**EXERCISE OBJECTIVE**
For the entries below, return the line holding "- Uitgerust met" together with all lines after it, unchanged, and leave every picture out.

------------------------------

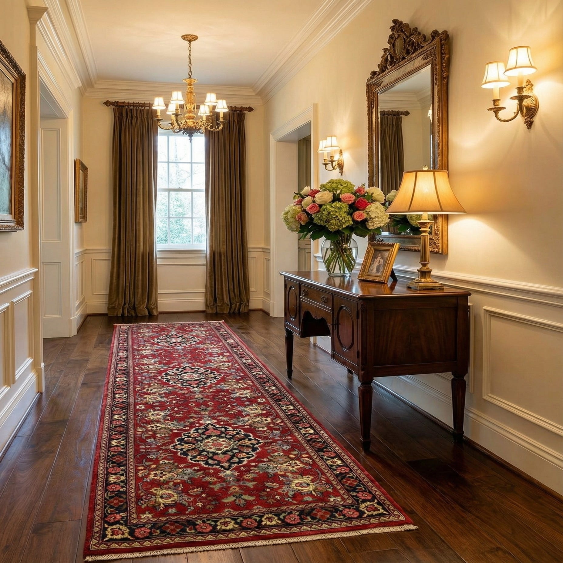 A 7 ft red Persian runner rug with intricate floral and medallion patterns in navy, gold, and pink, ideal for a hallway.
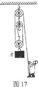 28.建筑工地用如图l7所示的简易滑轮组提升砖块,某工人将重500 N的砖块一次性匀速提升到离地面4 m高的砌墙处,所用拉力为200 N,时间为20 s,这次提升砖块过程中:
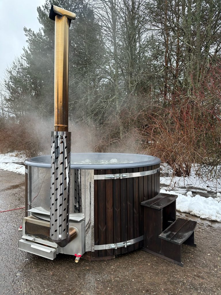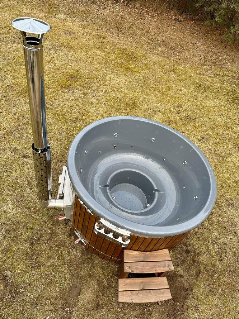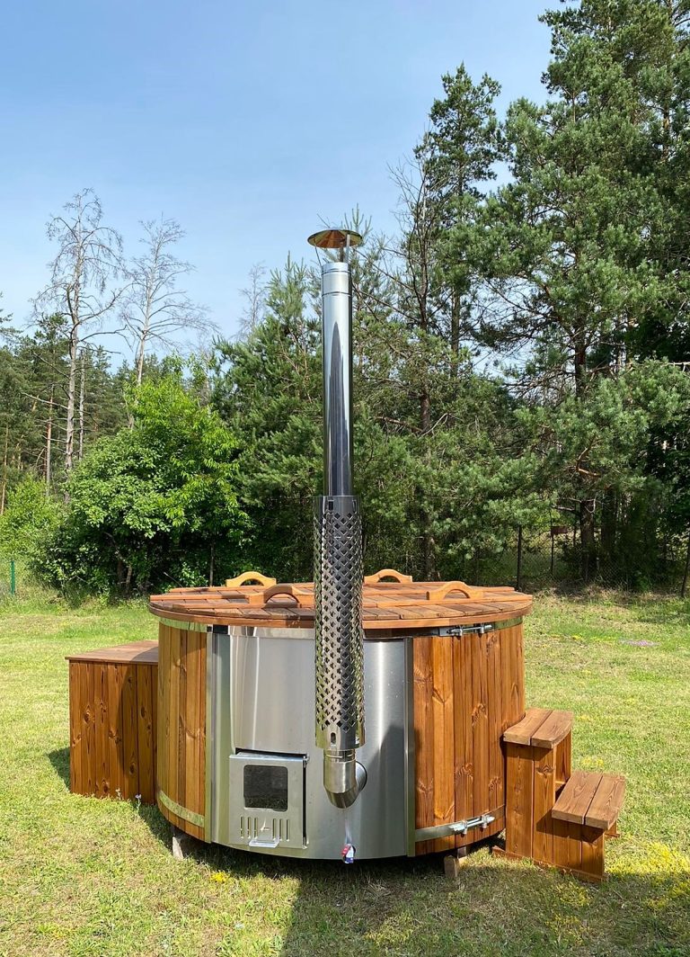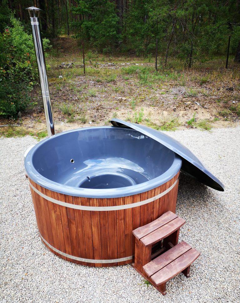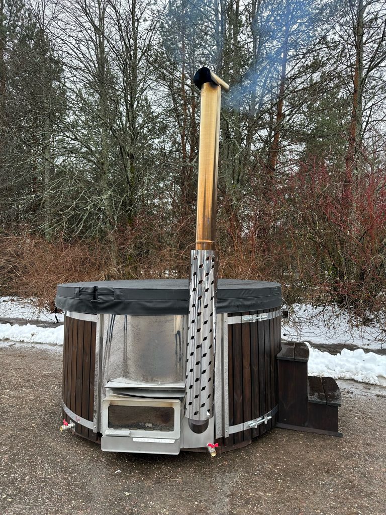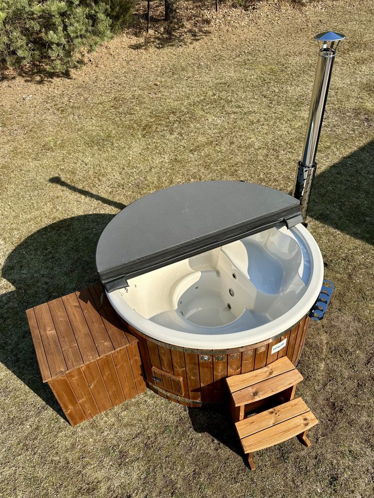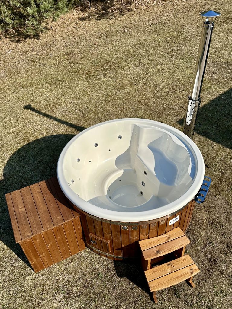 En intern värmare ger en snabbare uppvärmningstid än en extern vedeldad kamin eftersom det nästan inte finns något värmeförlust. Den interna kaminen förbrukar cirka 25% av badtunnans utrymme, men en träbadtunna på 180 cm kan fortfarande rymma upp till 6 personer. En intern värmare ger en mer mysig känsla eftersom du kan sitta nära elden, men det finns också några nackdelar – interna värmare kan vara farliga för barn och det tar längre tid att rengöra dem.
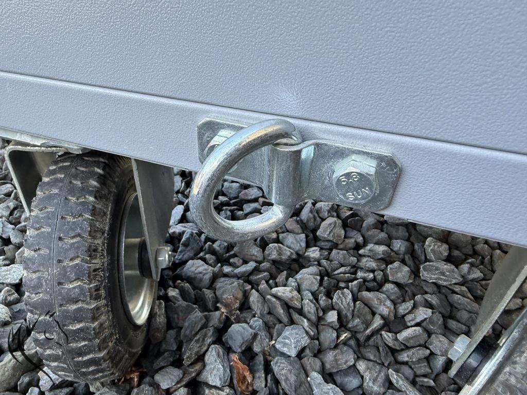 - Uitgerust met 4 grote luchtbanden met rem (Ø225mm), 4 met zwenkwielen, waarvan 2 met rem (incl. lier oog)
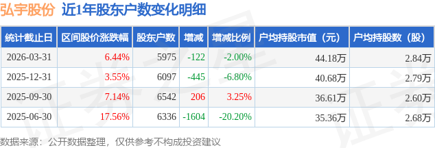 从股价来看,2025年12月31日至2026年3月31日,弘宇股份区间涨幅为6.44%,在此期间股东户数减少122.0户,减幅为2.0%。
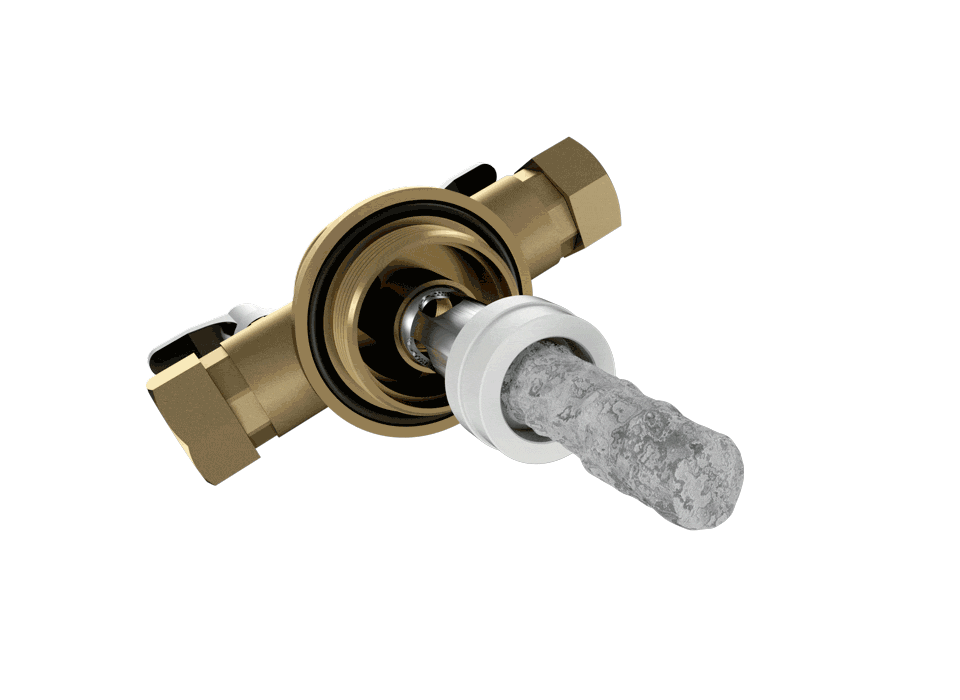 Nach dem das Wasser entsalzt ist, wird die Patrone entfernt. Die Anodeneinheit wird eingesetzt. Eine elektrochemische Reaktion zwischen einer speziellen Opferanode und dem Tank bindet korrosive und saure Gase. Gleichzeitig stabilisiert dieser Vorgang den pH-Wert des Systemwassers.

------------------------------

**RESPONSE TO THE TASK**
 - Uitgerust met 4 grote luchtbanden met rem (Ø225mm), 4 met zwenkwielen, waarvan 2 met rem (incl. lier oog)
 从股价来看,2025年12月31日至2026年3月31日,弘宇股份区间涨幅为6.44%,在此期间股东户数减少122.0户,减幅为2.0%。
 Nach dem das Wasser entsalzt ist, wird die Patrone entfernt. Die Anodeneinheit wird eingesetzt. Eine elektrochemische Reaktion zwischen einer speziellen Opferanode und dem Tank bindet korrosive und saure Gase. Gleichzeitig stabilisiert dieser Vorgang den pH-Wert des Systemwassers.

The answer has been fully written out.